1000 days until the year 2000.
How should one punctuate this factoid? With a period? An exclamation
point? A question mark? A groan at still another media hype of a silly
(and misdated) phenomenon which, more than two years before its arrival
has already outstayed its welcome? The tribulations of millennial hype
have surely begun in earnest and, thank the Lord, they'll be over in little
over 1000 days.
But there are other folks about: the religious cases go from obvious to
surprising -- Christians of all stripes who really believe that 2000 will
mark either the Rapture
or the Parousia; Muslims who believe that Christians
and Jews plan to build the Third Temple in 2000 (watch for the Temple
Mount Faithful demonstration in Jerusalem this Passover, April 22);
even some Jews who think that Christianity was only given 2000 years of
dominion over their people; and now a sect of Hindus who anticipate the
beginning of the Kalki avatar,
the final avatar of Vishnu who will become the world ruler in 1999-2003.

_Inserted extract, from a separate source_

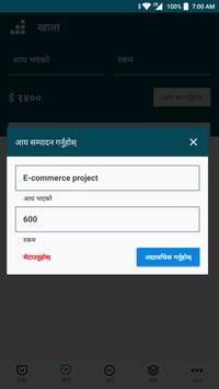 provides you a simple and easy to use accounting for personal use. Khata records your daily transactions, keeps track of your money, records money that you kept somewhere around as a saving and shows your wallet fund right at the touch of your hand.

Beyond the denominational, we have readers of Nostradamus'
prophecies, Aquarian
New Agers, Hopi
Prophets and UFOlogists, even, CEO's, government officials, and all
those racing against the clock to render our computers "millennium
compliant" before 2000. For them 1000 days is not time enough:
they have screen savers that count the seconds remaining!

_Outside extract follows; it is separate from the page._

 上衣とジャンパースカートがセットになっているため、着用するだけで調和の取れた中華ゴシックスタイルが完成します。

Much of this chronological apocalyptic is old hat (although even that may be
news to most of us). Hopes for an imminent transformation of the world on a
specific date go back at least as far as the pre-dawn of the Christian era (ca.-200
C.E.) and litter the landscape of European history with moments, movements,
even generations, in a state of wild semiotic arousal, where every event is
a sign, a portent, a meaningful marker on the road to the messianic kingdom.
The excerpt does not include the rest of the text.